124991.fb2
"According to the phone-company data files, the number that answered the ad is not a working number.
"Is that possible?"
"If they are using pirated telephone connections, it is. It has been done before."
"So it's a dead end?"
Smith logged off. He brought up a wire-frame state map of Massachusetts and input the names "Quincy" and "Saugus."
"Hmmm. They are not remotely near one another at all. That may mean Quincy is a private residence." He looked up. "We will deal with this later. Master Chiun, I would like for you to meet these people at the place they named and give them back their hard disk."
"What of the seventy-five thousand dollars mentioned?" asked the Master of Sinanju.
"Of course, collect it if you can."
"There is no 'can' when Sinanju collects a debt," Chiun said loftily. "There is only 'must.' "
"You will of course return the money to me."
"Minus my finder's fee, of course," suggested the Master of Sinanju, his eyes twinkling.
Smith sighed. "Is ten percent acceptable?"
"Yes," said Chiun slowly. "I will allow you to retain ten percent. But only because you are my emperor. Otherwise it would be five.
Both Harold W. Smith and the Master of Sinanju glowered at Remo as he broke into gales of laughter.
Clearing his throat, Harold Smith returned to his computer. He had to finish maintaining the LANSCII hard disk before it was delivered to Saugus.
Chapter 25
It was supposed to be a simple errand, thought Nicolo "Nicky Kix" Stivaletta. Meet the Jap. Hand the Jap the payoff. Take the hard-on disk. Then whack out the Jap where he stood.
"Simple. In and out. Bing bang boom. And home in time for Hunter," as he told Vinnie (The Maggot) Maggiotto, who had earned his nickname because he'd once been arrested for the heinous crime of dumpster diving. The Maggot's hairless bullet of a head contributed to its longevity.
"What if the Jap ain't alone?" the Maggot wondered.
"Then you got somebody to clip too," said Nicky Kix, who had come by his street name because of his habit of kicking in the ribs and skulls of people after he had brought them down with a sawed-off shotgun.
"Okay, I got somebody to clip too," said the Maggot, who had often boasted to his fellow Deer Island inmates that he had clipped as many guys as he had fingers. In fact, the Maggot had never clipped anything. Including his nails. The Maggot was not renowned for his grooming skills.

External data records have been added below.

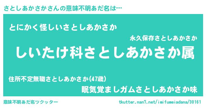 | 男性向けラノベタイトル風あだ名 | 『サトシアカサカスレイヤー』 |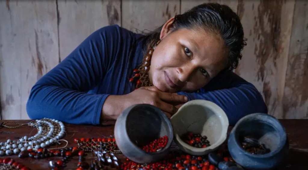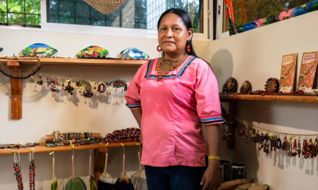 La distancia entre Aguarico y el resto del país ha afectado históricamente la venta de artesanías que reflejan los mitos y la biodiversidad local. Para enfrentarlo, en 2020 nació Sacha Maki (en kichwa: sacha = selva, maki = mano), una iniciativa comunitaria y ecotienda liderada por mujeres indígenas.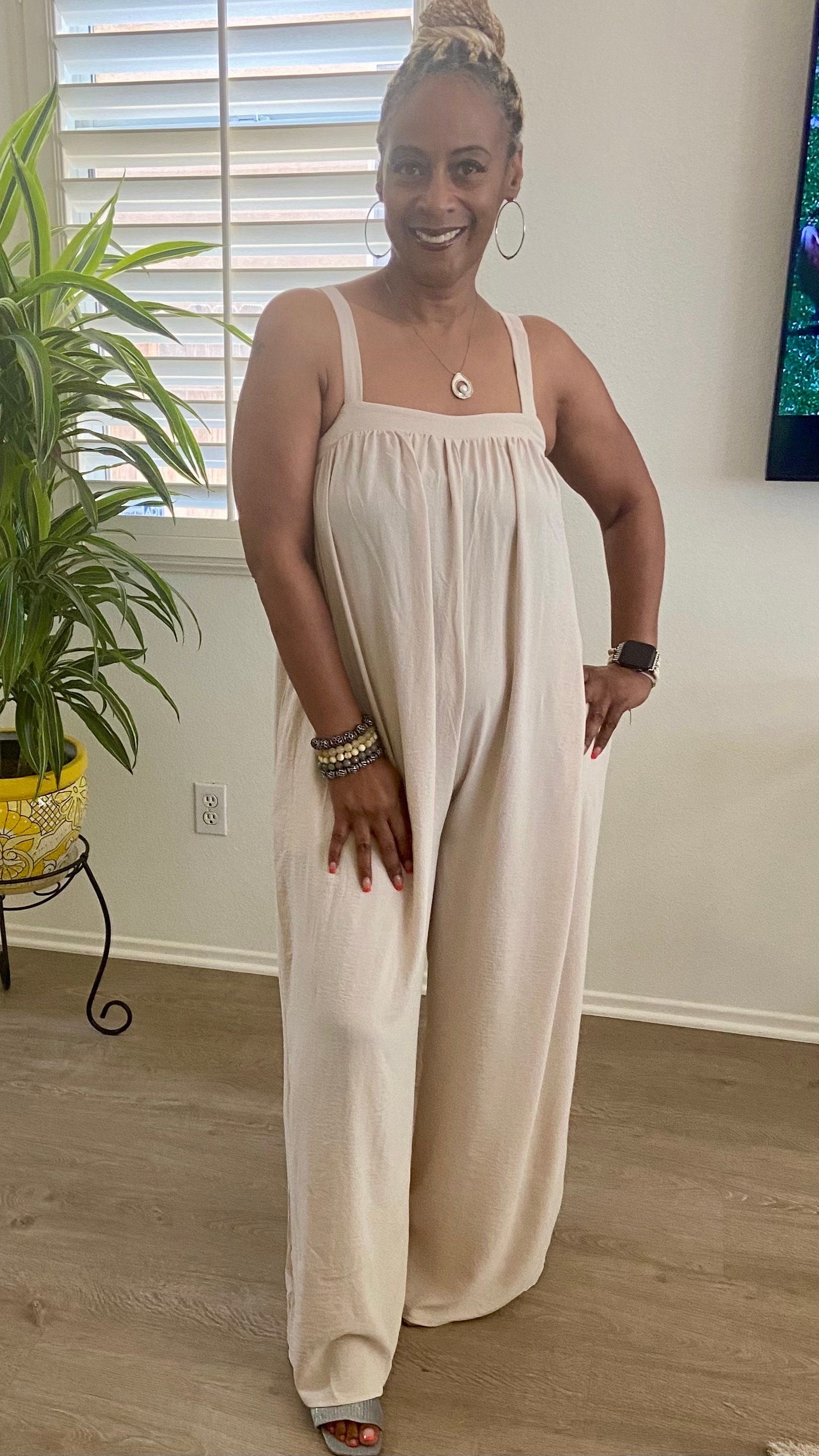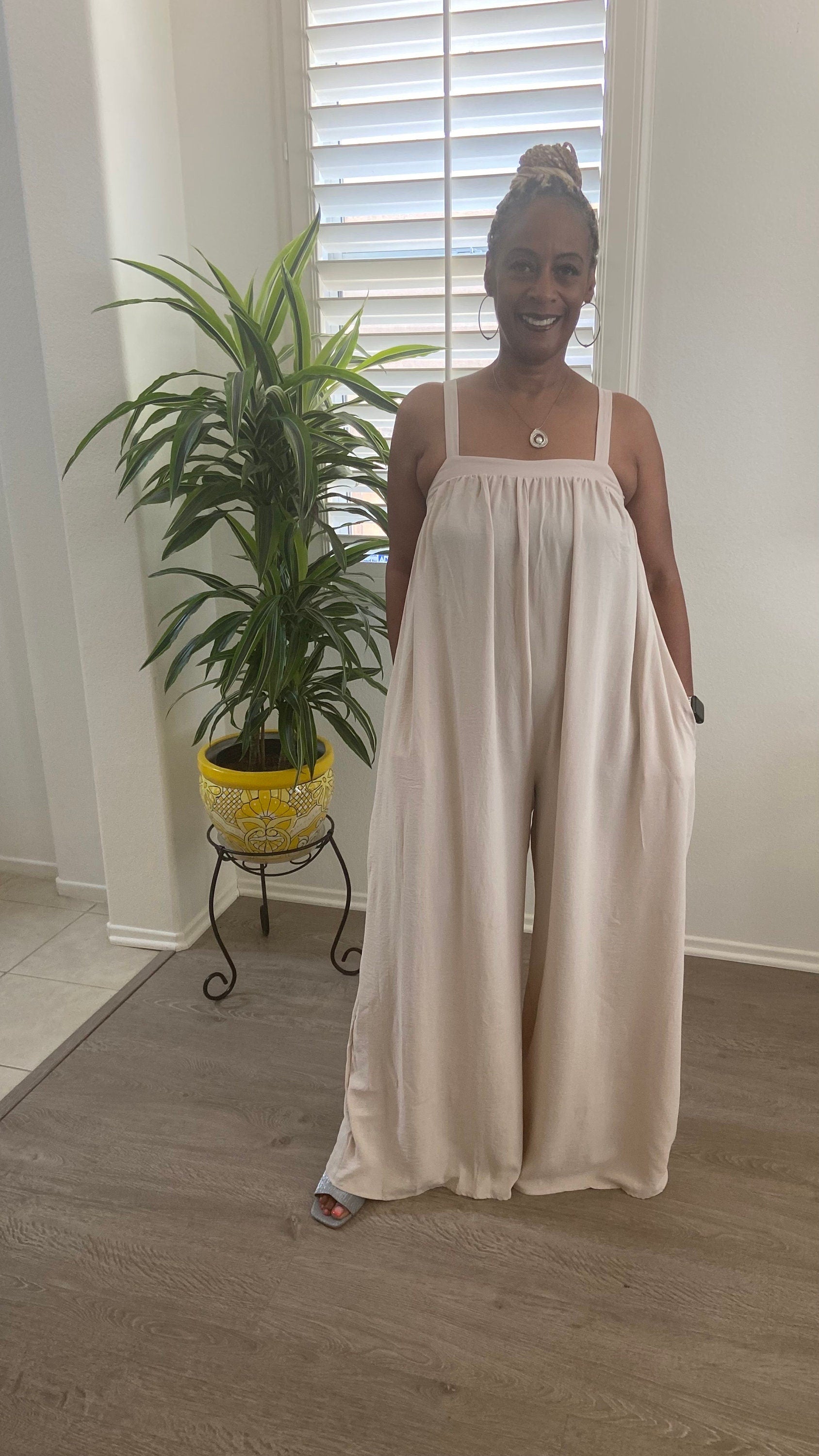 Women's Casual Loose Sleeveless Jumpsuit Spaghetti Strap Backless Wide Leg Full Length Rompers One Piece Outfits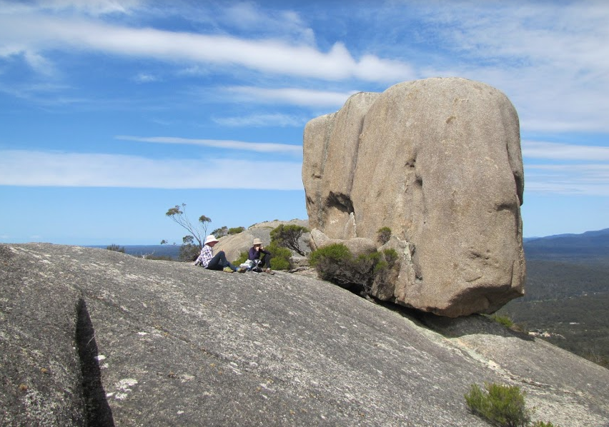 Mt William rises above a plain which is near the north-east coast and contains heathland vegetation, grass trees Xanthorrhoea and black peppermint Eucalyptus amygdalina. Little is left of Tasmania’s heathland now, so reserves like these are precious. Heath is found on poorer soils such as those here, which result from weathered granite and wind-blown sand.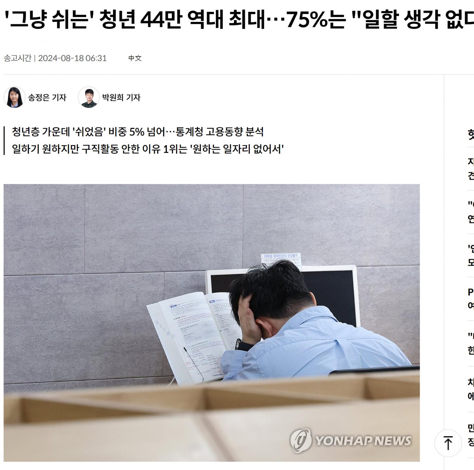 그냥 쉬는 청년 44만명 역대 최대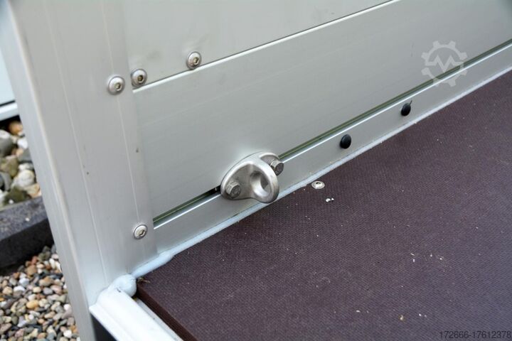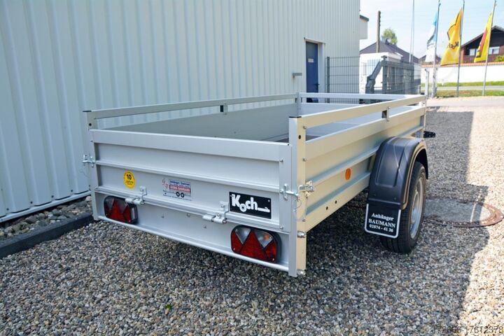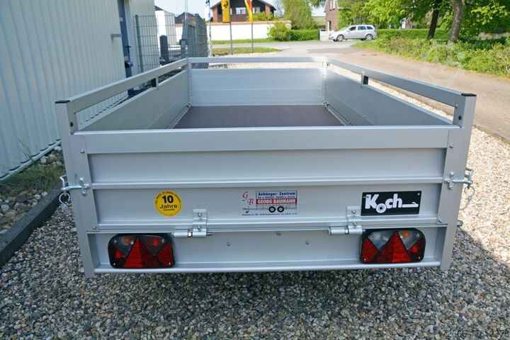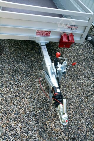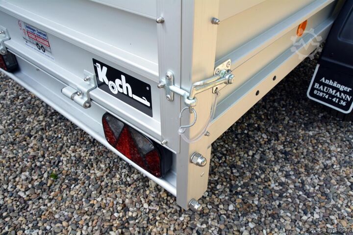 Hydraulics, automatic reverse, hot-dip galvanized, unbraked, * IMMEDIATELY AVAILABLE * Technical data: - Type: new vehicle - Availability: immediately!!! - TÜV: 2 years from first registration - Floor: Multiplex screen printing with anti-slip surface - Gross vehicle weight: 1,200 kg - Unladen weight: 240 kg - Load capacity: 960 kg - Internal dimensions: 250 x 125 x 45 cm (L x W x H) - External dimensions: 383 x 179 x 96 cm (L x W x H) - Loading sill height: 50 cm - Tires: 185/65R14 - Brake: yes - Support wheel: yes - 100km/h: INCLUDED !!! - incl. vehicle documents (letter) Standard equipment: - Double-walled anodized aluminium dropsides 30 mm, with integrated aluminium frame - Dropside with load securing system Accessories such as lashing eyes can be easily fitted without drilling. - Stainless steel lashing lugs (V2A stainless steel) - Sturdy screen-printed base plate, non-slip (birch wood, maintenance-free, hot-dip galvanized rubber spring axle - ALKO overrun device and parking brake - chassis and drawbar from renowned manufacturer ALKO - automatic reverse function - brake cables with Profi-Longlife (plastic coating of the steel wire strands) - 2x wheel chocks with bracket - fitted with balanced 1A brand tires as standard - large 185/65R14 tires - safety indicator on the coupling - plastic mudguards - tailgate can be easily removed - 13-pin plug - reversing light - large rear lights plug - reversing light - large safety lighting - integrated rear fog light - lighting recessed in the rear frame - M8 stainless steel (V2A stainless steel) screw connection - clear operating sign with the most important data (tire pressure, cable assignment...) - including 10-year Koch warranty Accessories optionally available: - High grille at the front - Tarpaulin + bows - Supports, grilles, side wall attachments, nets, etc. New vehicle with warranty and TÜV. We are happy to offer you suitable financing !, Descriptions and pictures are protected by copyright !!! Over 800 trailers immediately available for you! We are for over 30 years Brian James / Humbaur / Hapert / Unsinn / Cheval Liberte / Koch / Debon / Stedele / TPV / Tohaco / Vezeko / Variant / Vlemmix - specialized dealer & repair - workshop - delivery Germany-wide with surcharge possible! Anhänger Zentrum BAUMANN GmbH Dinxperloer Str. 389 46399 Bocholt - Errors, omissions and prior sale reserved -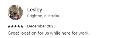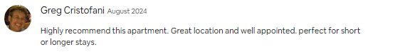 Highly recommend this apartment. Great location and well appointed. perfect for short or longer stays.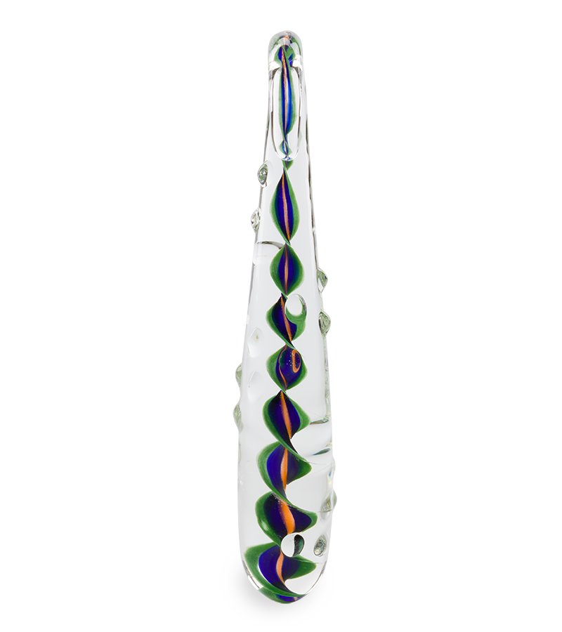 Avec sa forme tout en volutes, ce sextoy sera très facilement maniable pour atteindre le point G ou la prostate. Sa matière lisse et dense permet une insertion confortable et aisée tandis que les nodules présents sur sa surface caresseront sensuellement votre intimité. Son design a été soigné pour faire de ce gode un véritable objet esthétique qui vous séduira à coup sûr. Les godes en verre sont très simples à utiliser, facile d’entretien et il vous permettent aussi de jouer avec les températures en les trempant dans l’eau froide ou tiède avant utilisation. Alors sautez le pas et procurez-vous un sextoy en verre, vous ne le regretterez pas !
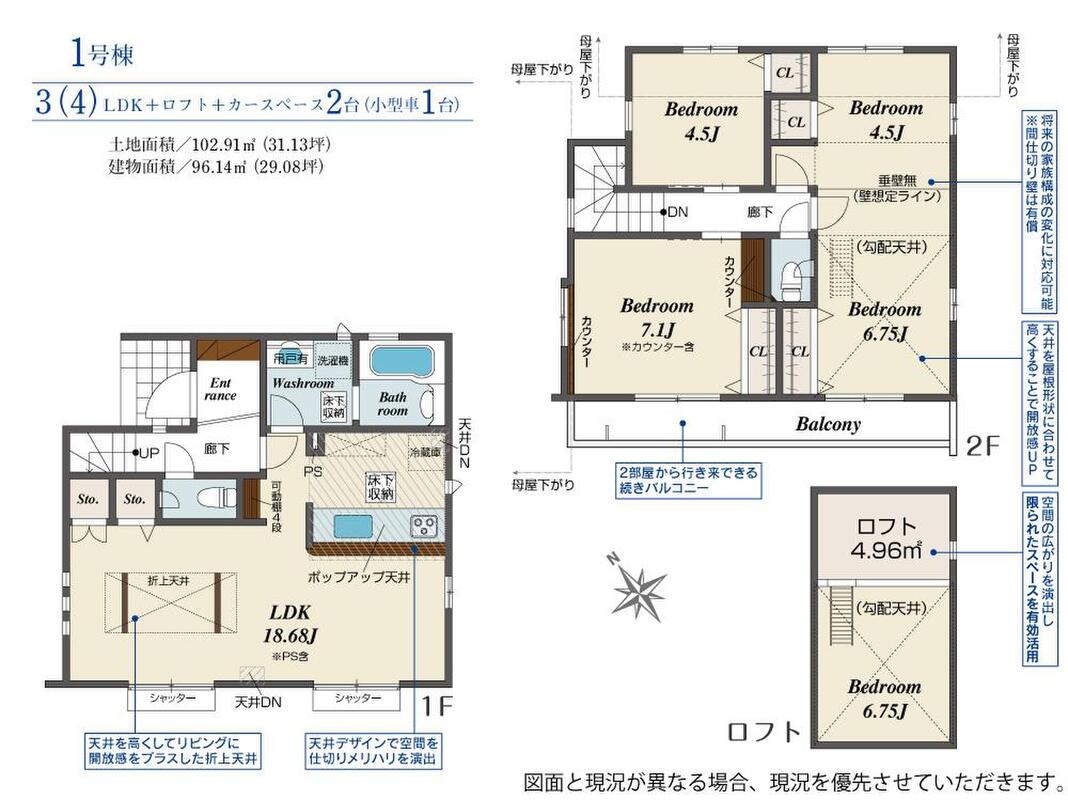 | 建物面積 | 96.14m2 | 土地面積 | 102.91m2 |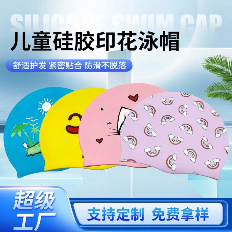 หมวกว่ายน้ำไร้หัวยืดหยุ่นสูงสำหรับเด็ก, ใหม่หมวกลายการ์ตูนแนวข้ามพรมแดนวัสดุซิลิโคนสำหรับฝึกซ้อมแฟชั่น USA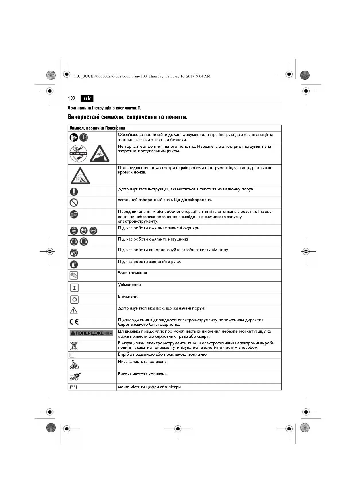 дтвердження відповідності електроінструменту положенням директив Європейського Співтовариства. Ця вказівка повідомляє про можливість виникнення небезпечної ситуації, яка може привести до серйозних травм або смерті. Відпрацьовані електроінструменти та інші електротехнічні і електронні вироби повинні здаватися окремо і утилізуватися екологічно чистим способом. Виріб з подвійною або посиленою ізоляцією Низька частота коливань Висока частота коливань (**) може містити цифри або літери OBJ_BUCH-0000000236-002.book Page 100 Thursday, February 16, 2017 9:04 AM101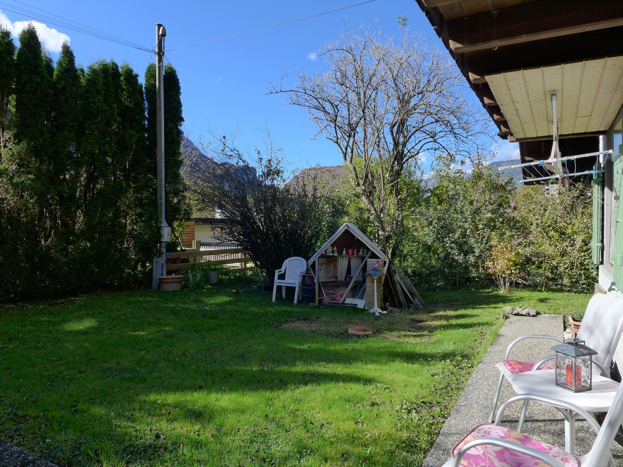 Chalet accogliente, rustico su 2 piani. Posizione tranquilla in una zona residenziale, a 5 m dal bosco. In comune: curato giardino con prato e piante. Nella casa: riscaldamento centralizzato. Accesso stretta fino della proprietà. Parcheggio. Negozio, ristorante, panetteria 400 m, fermata bus "Meiringen, Bahnhof" 500 m, stazione ferroviaria "Meiringen" 500 m, piscina 1.3 km. Sentieri per passeggiate vicino alla casa 10 m, funicolare, impianti di risalita, noleggio sci 700 m, fermata ski bus 250 m, scuola di sci 700 m, pattinaggio 500 m. Attrazioni nelle vicinanze: Aareschlucht, Ballenberg Freilichtmuseum, Grimselwelt, Sherlock Holmes Museum. Rinomate località sciistiche: Meiringen Hasliberg. Laghi famosi: Brienzersee. Sentieri escursionistici: Rosenlaui, Hasliberg. Prego notare: il proprietario vive nello stesso immobile.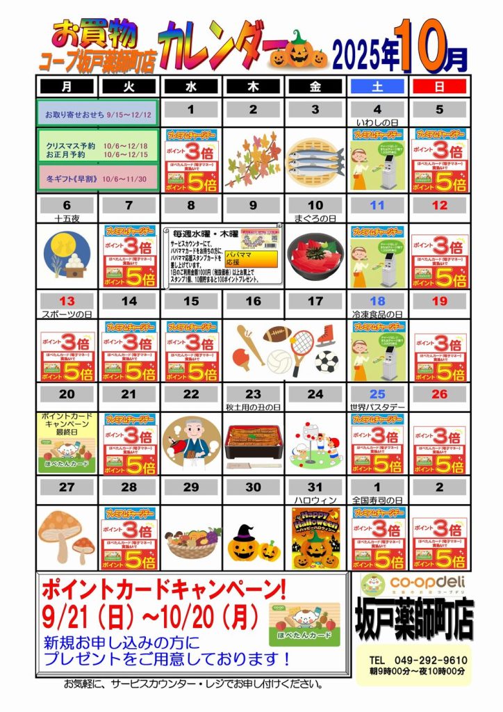☆コープ坂戸薬師町店 10月お買物カレンダー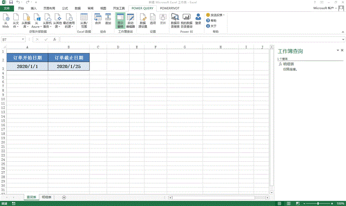 首先我们复制文件所在的文件夹的路径,找到Power Query界面,从文件中的Excel表导入并进入编辑界面,我们先模拟一下筛选的效果,点击订单开始日期这一列。筛选选择介于,我们随便选择一个时间段,筛选结果就出来了,点击高级编辑器,在首行输入(开始日期 as date,结束日期 as date)=>,并将后面的两个日期分别修改成刚才定义的名称。完成后点击关闭并上载,会以连接的形式上载。

The headlights of their Dodge raced ahead of them as they came off the Saugus exit of Route One, north of Boston. They threw the chain-link fence of the Bartilucci Construction Company into sharp relief as the car slid through the open gate.
"Okay," said Nicky Kix. "It's show time."
They got out.
"See anything?" Nicky asked uneasily.
"Nothing. Maybe he ain't showed yet. Maybe he ain't gonna show," the Maggot added, silently hoping he would not have to clip anyone.
Then a low, stern voice seemed to surround them.
" I am here, messengers of the dreaded boss."
"Where? Where is he?"
A figure detached itself from the shadow of the long storage building.
He stepped into the headlight beams, clad in a kimono of dull black silk, his eyes narrowing to slits, his hands unseen in the tunnels of his joined sleeves.
"Put your hands where I can see them," warned Nicky Kix, amazed that the old Jap wasn't blinded by the lights.
"Show me your ransom first," returned the old Jap.
"Okay," said Nicky. "Have it your way." He pulled a thick manila envelope from inside his jacket, fat with greenbacks.
He held them up to the lights so the edges of two twenties were visible. "All seventy-five grand," he added, keeping a straight face. There was actually less than fifty dollars in the envelope sandwiching a dollar-size sheaf of cut newsprint.
"Very well," said the Jap, bringing his hands into view.
One hand-the left-was clutching a black plastic box.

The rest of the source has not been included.